Faster than a speeding motorist, Virginia's highway needs are growing. Take, for example, Interstate 95.
"The corridor, essentially from Ashland down to Petersburg is actually one of the most unsafe corridors we have in the Commonwealth," said Secretary of Transportation Sean Connaughton.
VDOT has a goal of no more than 18% of state highways be labeled "deficient". But the reality right now, is 20.1% of Interstate pavement is rated deficient. 24.3% of primary pavement is deficient. And 31.1% of secondary pavement is deficient, according to VDOT figures.
So to make the highways safer, it takes money - as in, $709 million next year alone. Problem is VDOT only could budget $318 million.
"We obviously are not meeting, particularly our paving demands, in the secondary system. This is probably, I'm gonna say, the coming crisis for us," Connaughton said.
There would've been more money, but VDOT went $183 million over-budget clearing snow last winter. Connaughton told the Senate Finance Committee that the federal government won't be reimbursing most of that, which led to a sarcastic remark about raising Virginia's low gas tax, currently about 20 cents per gallon.

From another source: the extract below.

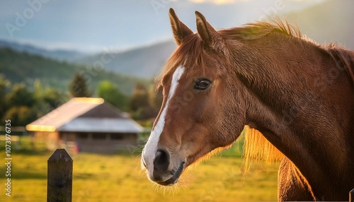 Naklejka premium horse head close up horse farm in the background rural landscape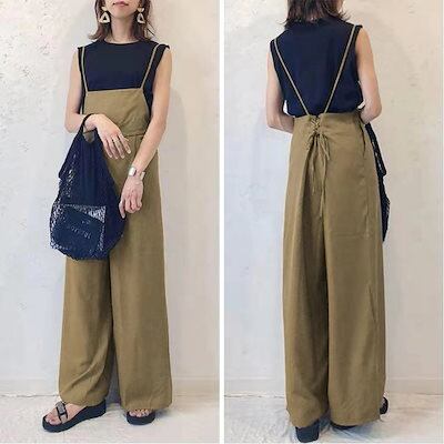 ニュースタイル 日系 無地 流行り カーゴパンツ サロペット ロングパンツ オシャレ 着痩せ サロペット スラックスパンツ

"So, a penny and a half, which definitely would be noticed by everybody, would solve this problem in an instant? Is what you're telling me?" asked Sen. Dick Saslaw, D-Fairfax.
"No, that's what you told me, sir!" Connaughton said, with a chuckle.

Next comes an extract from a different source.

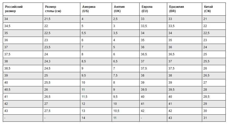 Если для взрослых интервал размерного ряда составляет пару см, то для детей он равен 1 см. В таблице даются значение сразу чётных и нечётных размеров, потому что не всегда представляется возможным найти в продаже нужный. Для ребёнка лучше выбрать чуть больший размер.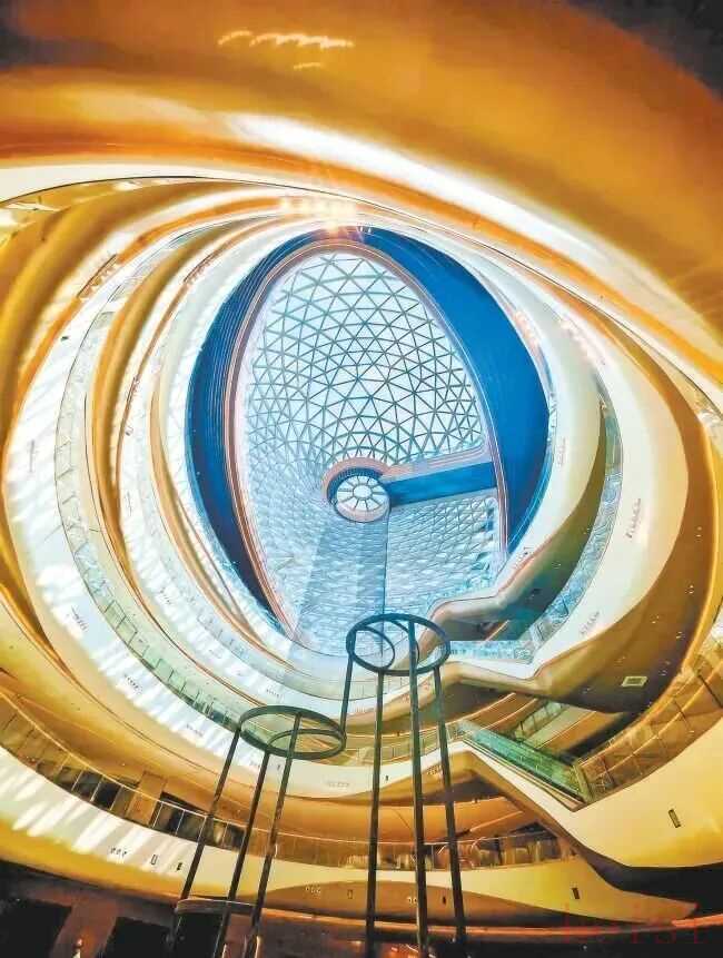 光之境穹頂呈螺旋綻放形態(tài),未來將有屏幕“光帶”盤旋而上;水之境中庭藏著30米高的“空中瀑布”,水流與燈光交織成夢幻畫面;還有屋頂花園與退臺景觀,逛累了能坐下來感受自然氣息。

Without that additional source of money, VDOT must generate it a different way or trim spending; a fork in the road...that already, is crumbling.
VDOT also is moving forward with plans to install a toll at the North Carolina border. Money from that would, in theory, pay for at least some highway maintenance needs.
Earlier in the Senate Finance Committee meeting, education leaders said Virginia is nearing an "affordability crisis" when it comes to college. Costs for in-state and out-of-state students are going up between 7 and 13%...tacking on hundreds of dollars per semester.
Leaders for Virginia Commonwealth University and Virginia's Community Colleges urged lawmakers to consider more aid for higher education in the coming years.